Source information: Begin

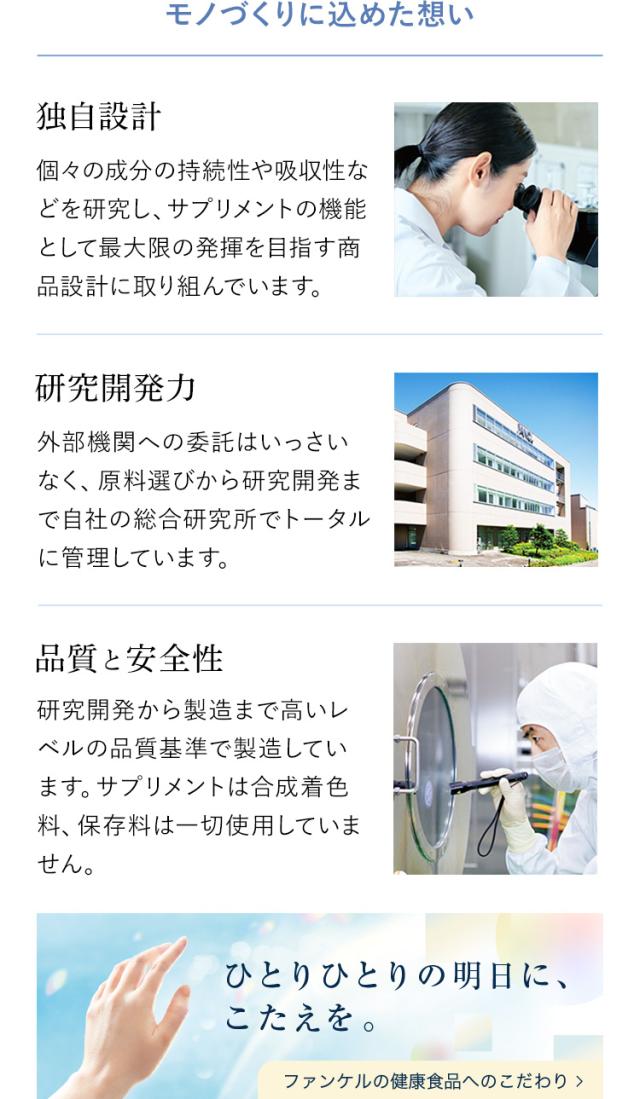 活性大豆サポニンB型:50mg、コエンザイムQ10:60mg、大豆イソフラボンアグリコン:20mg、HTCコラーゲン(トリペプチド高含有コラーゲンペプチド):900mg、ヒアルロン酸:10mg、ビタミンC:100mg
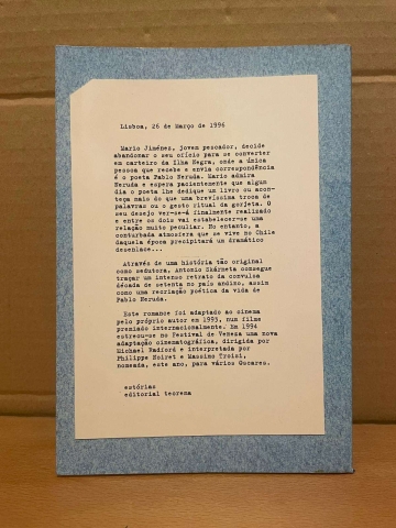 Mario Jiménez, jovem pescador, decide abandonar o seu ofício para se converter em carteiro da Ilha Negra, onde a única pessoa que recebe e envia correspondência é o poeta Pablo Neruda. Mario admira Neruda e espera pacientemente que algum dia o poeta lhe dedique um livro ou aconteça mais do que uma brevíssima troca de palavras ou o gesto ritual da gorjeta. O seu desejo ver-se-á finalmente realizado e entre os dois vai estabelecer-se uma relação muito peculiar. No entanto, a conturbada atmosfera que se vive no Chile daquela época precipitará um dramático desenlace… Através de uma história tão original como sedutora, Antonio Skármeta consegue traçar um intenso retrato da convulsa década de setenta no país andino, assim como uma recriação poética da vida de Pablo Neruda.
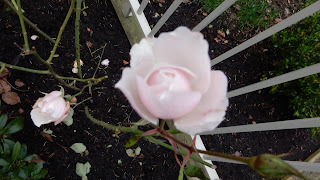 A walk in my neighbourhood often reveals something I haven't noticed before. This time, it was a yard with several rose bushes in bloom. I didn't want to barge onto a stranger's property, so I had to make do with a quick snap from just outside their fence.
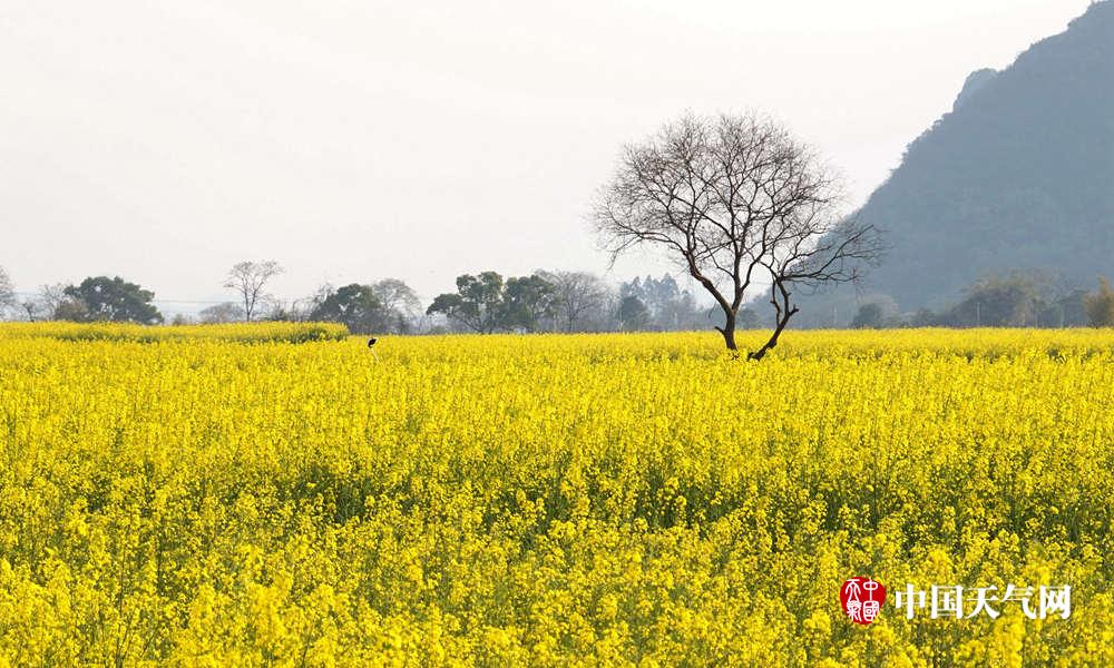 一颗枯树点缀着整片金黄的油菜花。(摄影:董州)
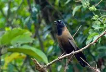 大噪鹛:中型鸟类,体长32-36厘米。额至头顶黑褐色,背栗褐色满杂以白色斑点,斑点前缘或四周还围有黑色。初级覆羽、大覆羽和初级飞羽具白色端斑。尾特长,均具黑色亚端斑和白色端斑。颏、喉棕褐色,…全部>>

Source information: End

**Problem to solve:**
Output the data above verbatim, pictures excluded.

**Answer to the exercise:**
 活性大豆サポニンB型:50mg、コエンザイムQ10:60mg、大豆イソフラボンアグリコン:20mg、HTCコラーゲン(トリペプチド高含有コラーゲンペプチド):900mg、ヒアルロン酸:10mg、ビタミンC:100mg
 Mario Jiménez, jovem pescador, decide abandonar o seu ofício para se converter em carteiro da Ilha Negra, onde a única pessoa que recebe e envia correspondência é o poeta Pablo Neruda. Mario admira Neruda e espera pacientemente que algum dia o poeta lhe dedique um livro ou aconteça mais do que uma brevíssima troca de palavras ou o gesto ritual da gorjeta. O seu desejo ver-se-á finalmente realizado e entre os dois vai estabelecer-se uma relação muito peculiar. No entanto, a conturbada atmosfera que se vive no Chile daquela época precipitará um dramático desenlace… Através de uma história tão original como sedutora, Antonio Skármeta consegue traçar um intenso retrato da convulsa década de setenta no país andino, assim como uma recriação poética da vida de Pablo Neruda.
 A walk in my neighbourhood often reveals something I haven't noticed before. This time, it was a yard with several rose bushes in bloom. I didn't want to barge onto a stranger's property, so I had to make do with a quick snap from just outside their fence.
 一颗枯树点缀着整片金黄的油菜花。(摄影:董州)
 大噪鹛:中型鸟类,体长32-36厘米。额至头顶黑褐色,背栗褐色满杂以白色斑点,斑点前缘或四周还围有黑色。初级覆羽、大覆羽和初级飞羽具白色端斑。尾特长,均具黑色亚端斑和白色端斑。颏、喉棕褐色,…全部>>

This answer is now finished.